What you have to do: The data must be reproduced verbatim; images are to be omitted.

Stored data:

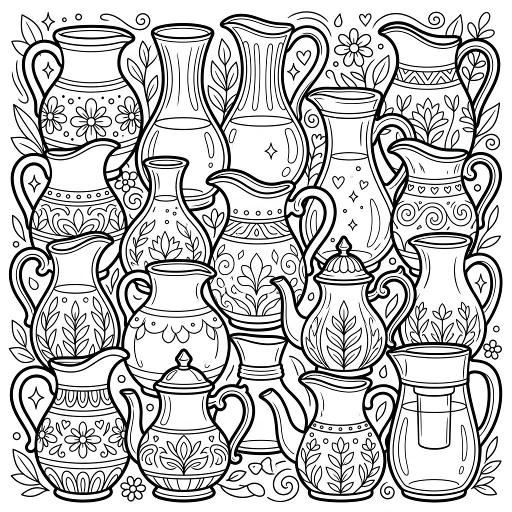 Get ready for a fascinating coloring journey with our 'Pitchers & Carafes' page, packed with an array of beautiful vessels waiting for your artistic touch. This intricate design showcases a delightful mix of pitchers, elegant carafes, and charming teapots, each boasting unique patterns from delicate florals and swirling leaves to classic geometric shapes. Every corner of the page is filled with engaging details like tiny hearts, stars, and leafy tendrils, creating a rich and immersive scene perfect for hours of creative fun.
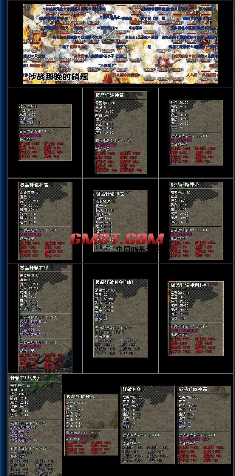 【爆率提示】:每个地图都有大小BOSS,1.2万-30万->都会爆轩辕,极品轩辕,杀戳神龍,包括勋章斗笠衣服武器爆一切装备.
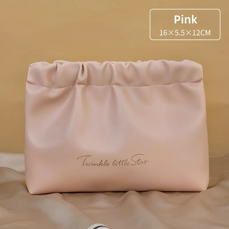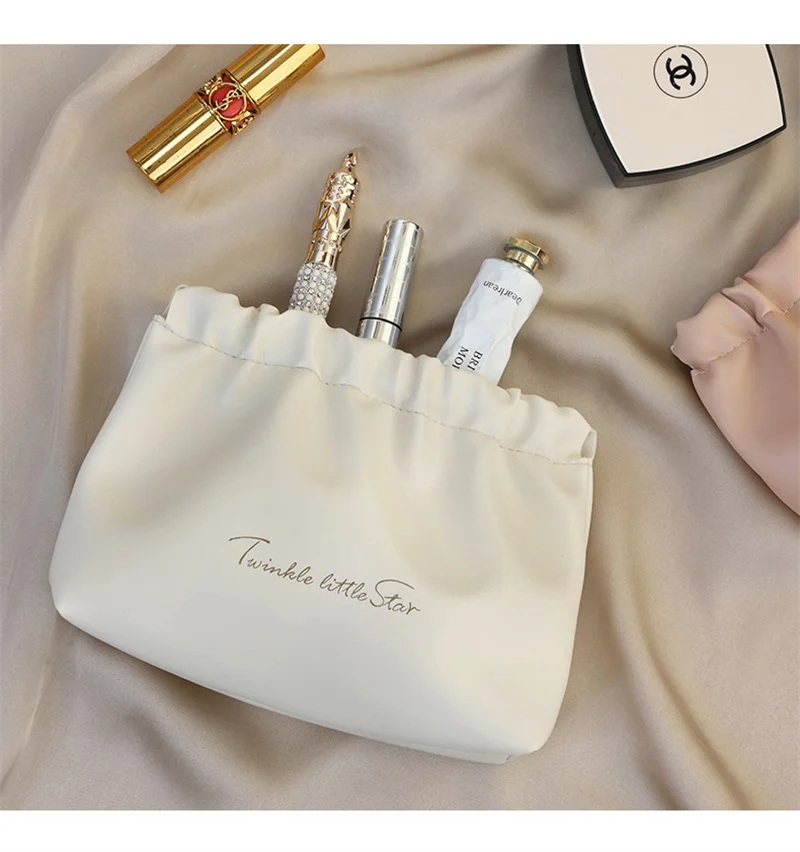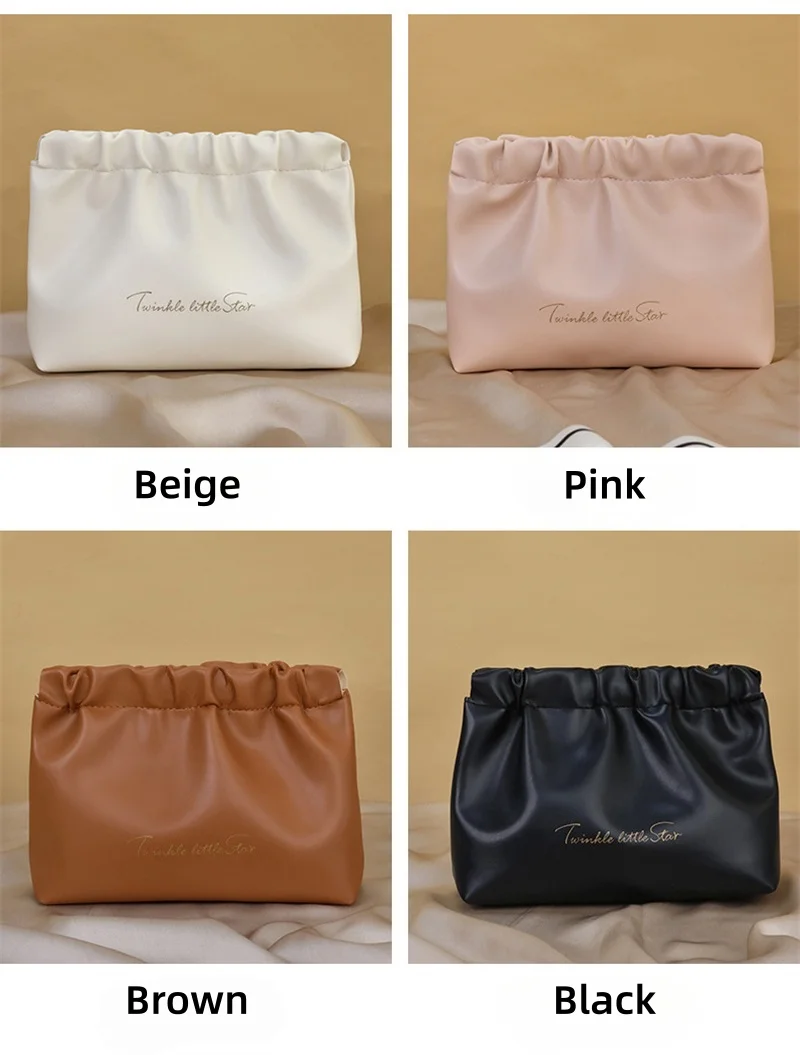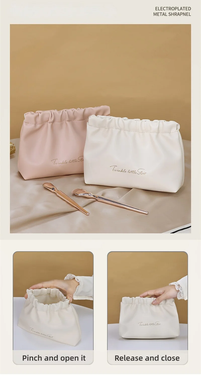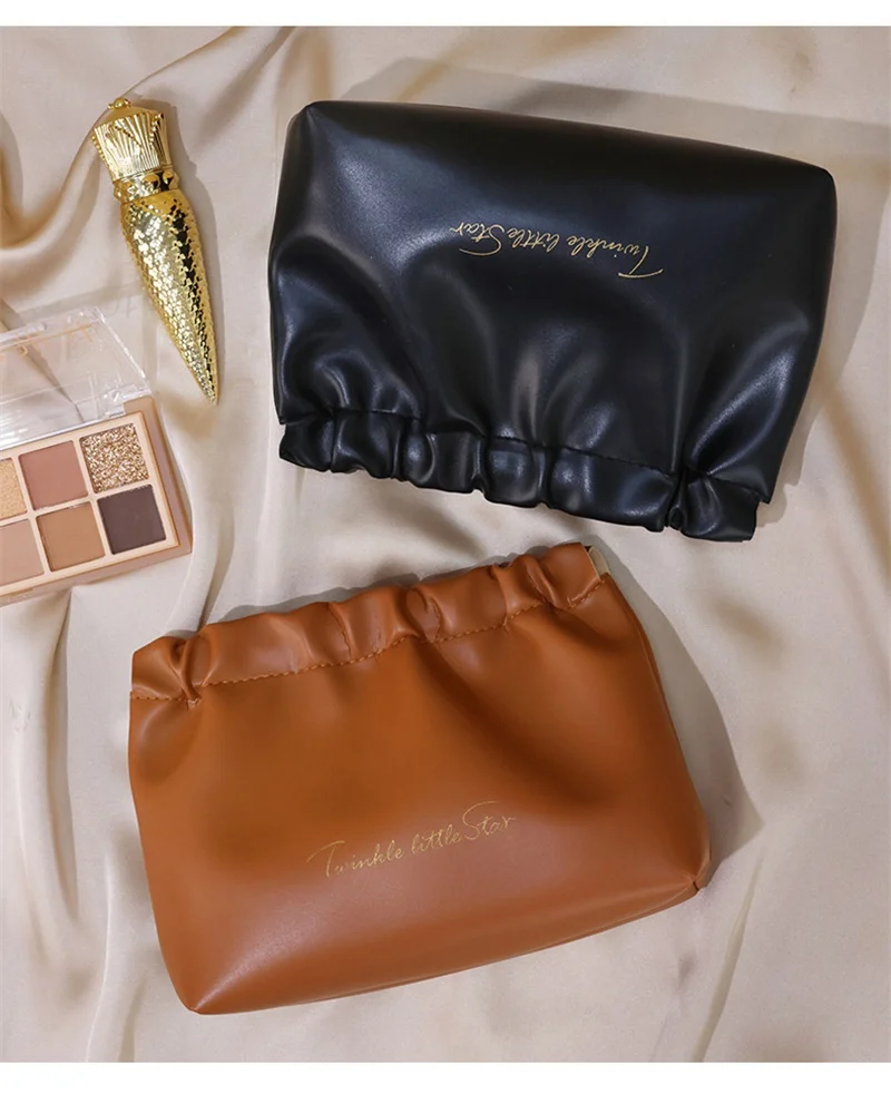 Wrinkled Makeup Bag With High Value Portable Waterproof Wouth Red Envelope Travel PU Wash Storage Bag Mini Carry-on Cosmetic Bag
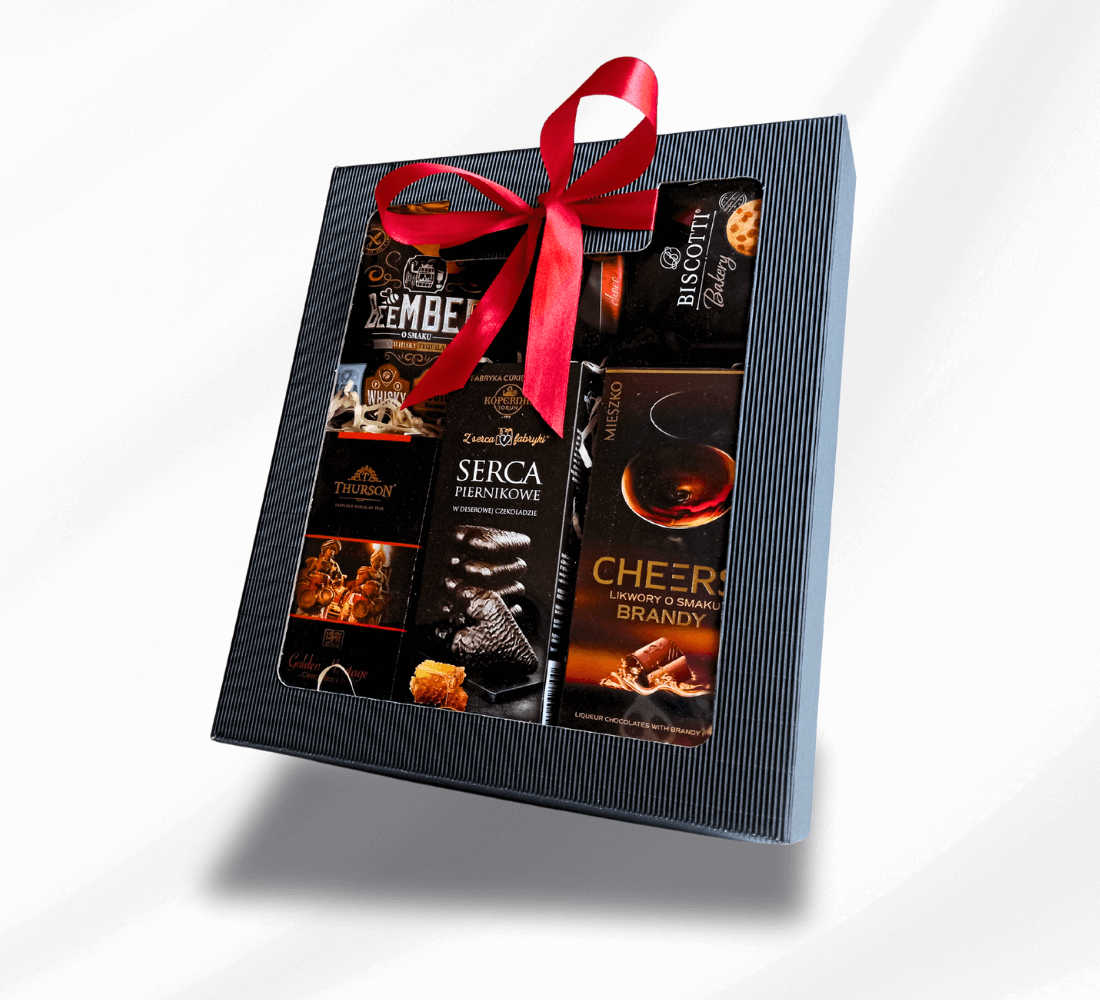 W eleganckim pudełku znajdziesz aromatyczne pierniki w czekoladzie, praliny o smaku popularnych alkoholi, chrupiące biscotti oraz czarną herbatę – wszystko, co potrzebne do słodkiego relaksu.

Written answer:
 Get ready for a fascinating coloring journey with our 'Pitchers & Carafes' page, packed with an array of beautiful vessels waiting for your artistic touch. This intricate design showcases a delightful mix of pitchers, elegant carafes, and charming teapots, each boasting unique patterns from delicate florals and swirling leaves to classic geometric shapes. Every corner of the page is filled with engaging details like tiny hearts, stars, and leafy tendrils, creating a rich and immersive scene perfect for hours of creative fun.
 【爆率提示】:每个地图都有大小BOSS,1.2万-30万->都会爆轩辕,极品轩辕,杀戳神龍,包括勋章斗笠衣服武器爆一切装备.
 Wrinkled Makeup Bag With High Value Portable Waterproof Wouth Red Envelope Travel PU Wash Storage Bag Mini Carry-on Cosmetic Bag
 W eleganckim pudełku znajdziesz aromatyczne pierniki w czekoladzie, praliny o smaku popularnych alkoholi, chrupiące biscotti oraz czarną herbatę – wszystko, co potrzebne do słodkiego relaksu.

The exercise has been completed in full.